[Dataset items]:
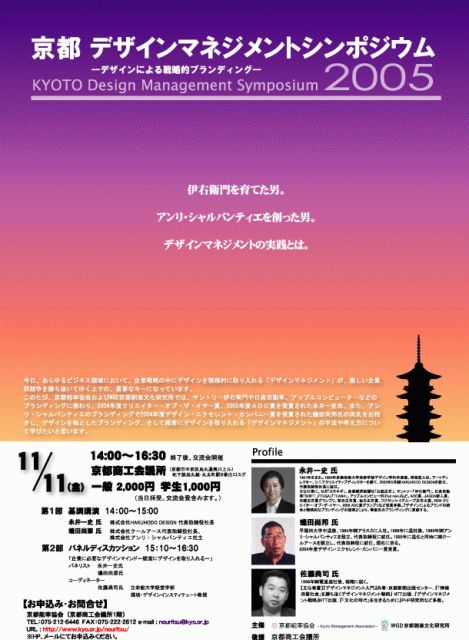 京都 デザインマネジメントシンポジウム ―デザインによる戦略的ブランディング―のお知らせです! サントリー伊右衛門や日産自動車、アップルコンピュータなどのブランディングに携わり、2004年度クリエイター・オブ・ザ・イヤー賞、2005年度ADC賞を受賞された永井一史氏、また、アンリ・シャルパンティエのブランディングで2004年度デザイン・エクセレント・カンパニー賞を受賞された蟻田尚邦氏の両氏をお招きし、デザインを軸としたブランディング、そして経営にデザインを取り入れる「デザインマネジメント」の手法や考え方について学んでゆ
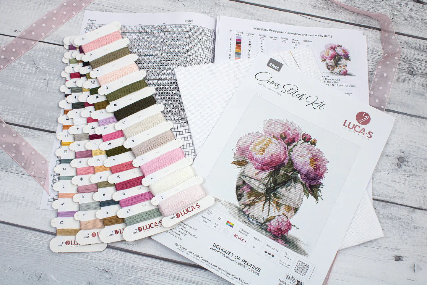 Kit de Punto de Cruz - Ramo de Peonías - B7028 Luca-S
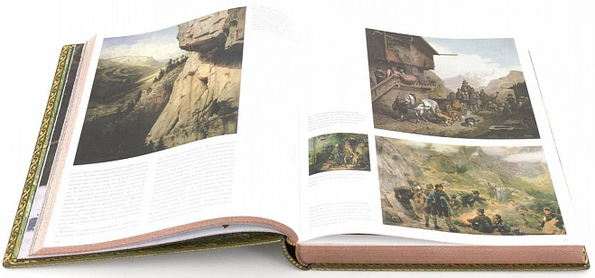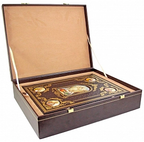 Переплет цельнокожаный, из натуральной шагрени (Франция). Книга исполнена по старинной французской технологии на 4-х шнурах. Бинты на корешке. Ручное тиснение на крышках и корешке. Обложка украшена барельефом. Форзац выполнен из мраморной бумаги ручного крашения. Дублюра окатана орнаментом вручную. Обрез окрашен, торшонирован и отгравирован. Индивидуальный полукожаный футляр.
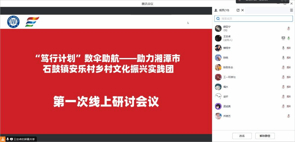 石鼓油纸伞是湖南省重要的非物质文化遗产之一,如何传承和发扬石鼓油纸伞,是实践团一直在思考的问题,推陈出新,让古老的文化迸发出犹如新生般的活力,更是实践团努力的方向。为了交流当前的工作进度,明晰后续的工作安排,2023年7月25日,绅士仓库 笃行计划全国示范性团队:数伞助航——助力湘潭县石鼓镇安乐村乡村文化振兴实践团全体成员以及指导老师借助互联网开展了第一次线上研讨会议。
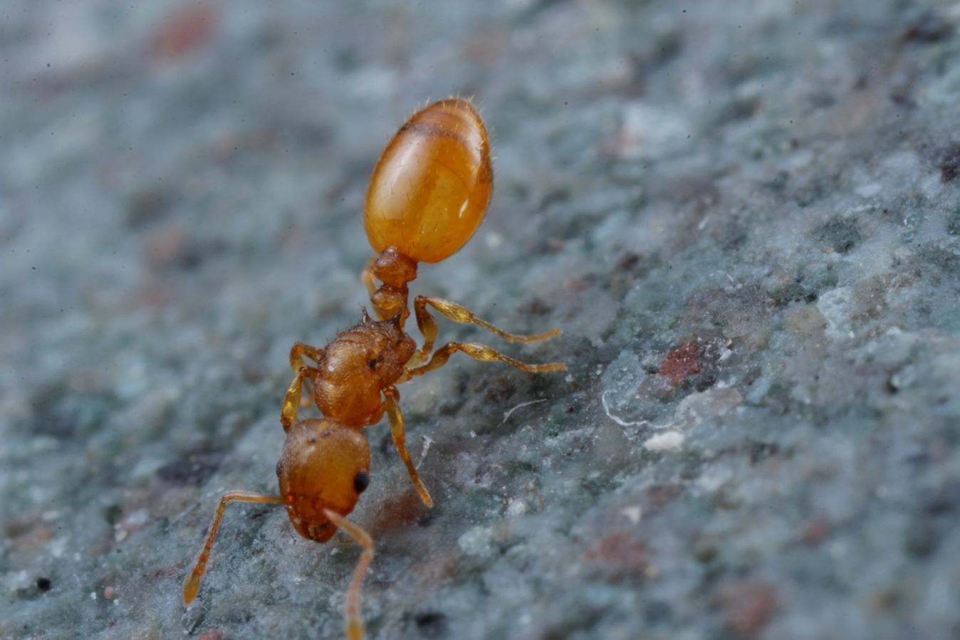 Vor kurzem habe ich mit dem Sohn einen aufgelassenen Steinbruch erforscht. Höhepunkt war wieder der Fund des seltenen Camponotus aethiops. Daneben wurde ein Individuum aus dem vorgelagerten Erdreich gesiebt, das einige Rätsel aufgibt. Ich hoffe, dass einer unserer Experten dazu Stellung nehmen kann.
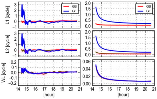 GF (blue) and GB (red) L1, L2 and WL ambiguities (left) and their corresponding formal errors (right) of PRN 09 computed using a single receiver (REDU) observations and ESA final orbit clock products.
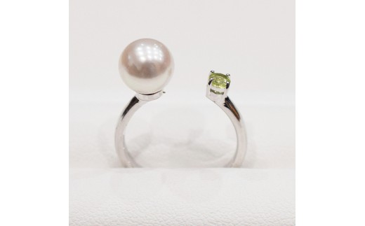 S085-468_あこや真珠 リング 7.5mm - 8mm ホワイトピンク ペリドット 真珠 (G:14号)
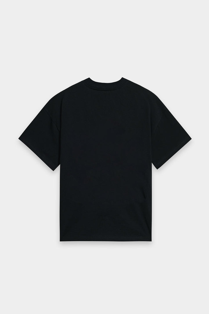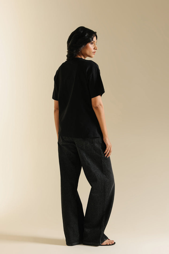 Make a bold artistic statement with this unique black t-shirt, where classic comfort meets captivating design. The relaxed-fit tee features a striking, multi-colored floral motif rendered in a pixelated embroidery style, creating a modern and eye-catching focal point. The vibrant hues of red, blue, green, and yellow burst against the deep black fabric, making it perfect for adding an artistic edge to your casual wear, or dressing up for a distinctive look.
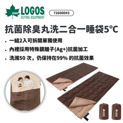 日本LOGOS | 72600043 抗菌除臭丸洗二合一睡袋5℃ | 1組2入可雙拼 寢具 |
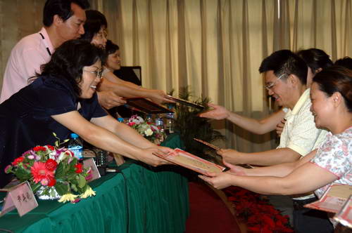 为坚持“科教立站、科教兴站、科教强站”的战略发展目标,促进和提高中心科教工作,血液中心于2006年8月4日在成都安全输血培训中心举办了第八届学术年会。来自省卫生厅、市卫生局以及各兄弟血站的代表应邀参加了此次学术年会。在会上,中心领导总结和回顾了2004-2005年度的科研工作;对优秀的科研课题项目人进行了表彰。优秀科研课题的负责人还在会上与参会的同志进行了学术交流。
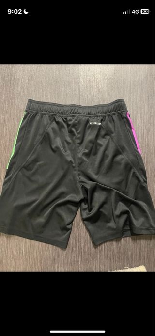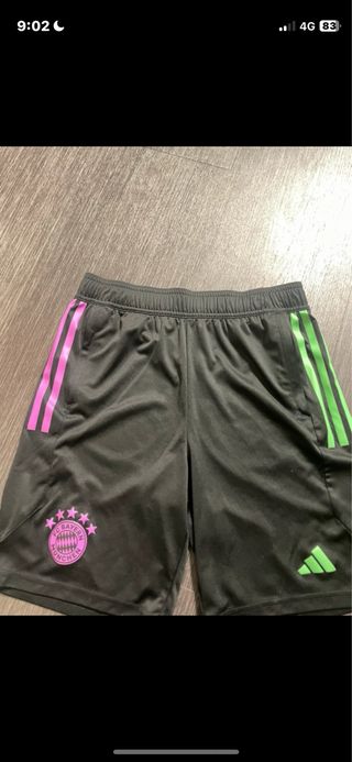 Pantalones cortos deportivos del FC Bayern Múnich. - Diseño con detalles en rosa y verde. - Escudo del club en la pierna izquierda. - Logo de Adidas en la pierna derecha.
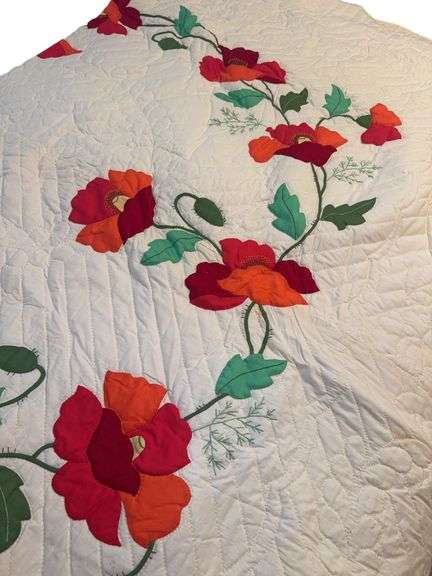 Handmade floral appliqué quilt with bright flowers on pale yellow background, yellow edging and bright yellow reverse with scalloped edge all around. Some minor staining present. Located on second floor.
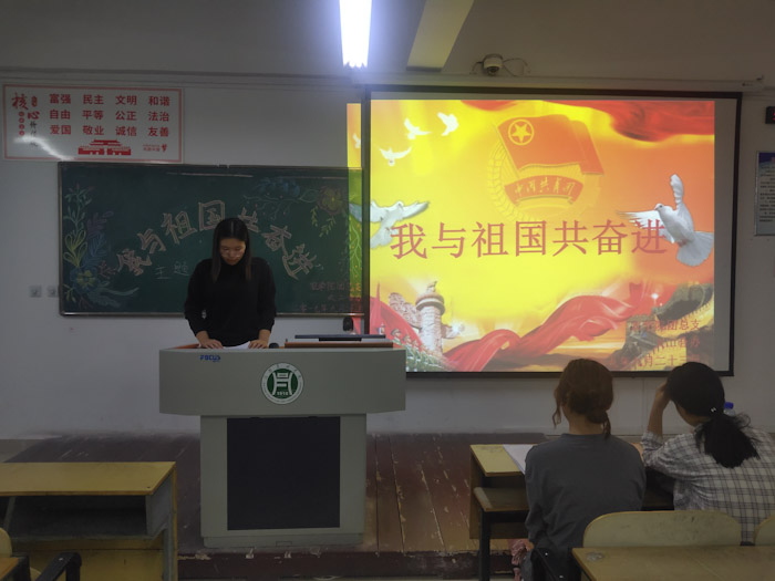 本次活动由18级各班团支书作为主讲人。她们动情讲述了国家民族发展的故事,从1949年,毛泽东带领中国人民获得了民族的解放,到1978年,邓小平为中华民族的振兴绘制了宏伟的蓝图。时光转瞬,斗转星移。08年的汶川地震、08年的北京奥运会、08年9月神舟七号飞船顺利升空。从温饱问题到现在提升全民小康,精准扶贫各项政策的落地推行,祖国在进步,世界在发展,一切美好的憧憬已经展现在眼前。号召同学们把握机遇,奋力向前,坚定决心。鼓励团员们作为新时代的青年,拥有激情,贡献能量,为祖国母亲的繁荣昌盛而努力拼搏,共同奋斗。
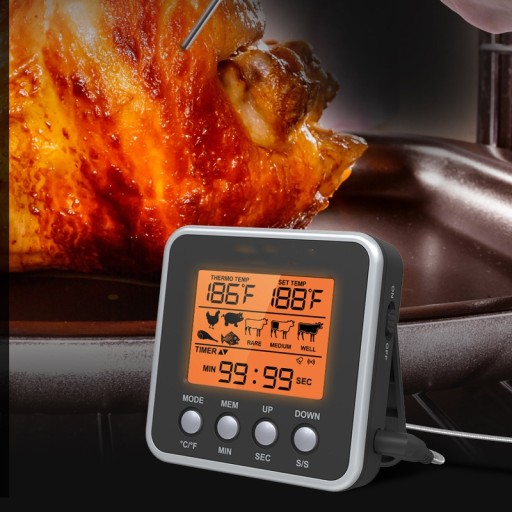 Termometr cyfrowy mięso z grilla do piekarnika termometr z zegarem sonda do mięsa gotowanie termometr kuchenny do mięsa Cechy:Włącz przełącznik, aby zapalić wyświetlacz, aby łatwo dostosować ustawienia lub sprawdzić temps w warunkach słabego oświetlenia. Podświetlenie pozostaje aktywne przez 10 sekund, chyba że nastąpi dalsza operacja.lt;br/gt;Po ulepszonej konstrukcji nowo zmodernizowany silny magnes jest przymocowany do tylnej części termometru cyfrowa kuchenna, która może być stabilnie przymocowana do metalowa powierzchnia.lt;br/gt;Przyciski operacyjne są zaprojektowane z przodu iz boku. Gdy termometr kuchenny jest przymocowany do metalowa powierzchnia do pracy, można bezpośrednio obsługiwać przyciski bez konieczności ponownego wyjmowania.lt;br/gt;Termometr do gotowania zaprogramowany z ustawionymi temperaturami dla 6 rodzajów mięsa z ich różnymi poziomami donencji, wszystkie zaprogramowane temps można zmienić na własny pożądany smak. Gdy jedzenie osiągnie żądaną temperaturę, termometr wyda sygnał dźwiękowy, aby przypomnieć, zachować bezpieczeństwo i gotować z ufnością.lt;br/gt;Funkcje odliczania i odliczania, do 99 minut i 59 sekund.lt;br/gt;Dane techniczne:Materiał: ABS + stal nierdzewnaRozmiar: rozmiary detali na zdjęciuUwaga:Proszę pozwolić 1-2cm błędy ze względu na pomiarze ręcznym.Ze względu na różnicę między różnymi monitorami obraz może nie odzwierciedlać faktycznego koloru przedmiotu.Pakiet zawiera:1 zestaw żywności termometr
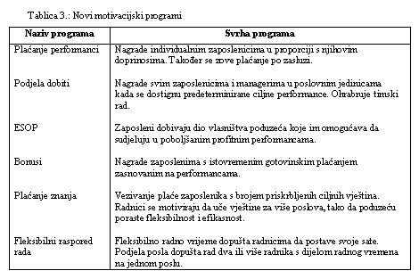 Primjeri novih motivacijskih programa ukazuju na činjenicu da zaposlenici

[Goal of the exercise]: Give again, word for word, every line from the top of the data above to the line holding "Kit de Punto", inclusive, with the pictures left out.

[Written answer]:
 京都 デザインマネジメントシンポジウム ―デザインによる戦略的ブランディング―のお知らせです! サントリー伊右衛門や日産自動車、アップルコンピュータなどのブランディングに携わり、2004年度クリエイター・オブ・ザ・イヤー賞、2005年度ADC賞を受賞された永井一史氏、また、アンリ・シャルパンティエのブランディングで2004年度デザイン・エクセレント・カンパニー賞を受賞された蟻田尚邦氏の両氏をお招きし、デザインを軸としたブランディング、そして経営にデザインを取り入れる「デザインマネジメント」の手法や考え方について学んでゆ
 Kit de Punto de Cruz - Ramo de Peonías - B7028 Luca-S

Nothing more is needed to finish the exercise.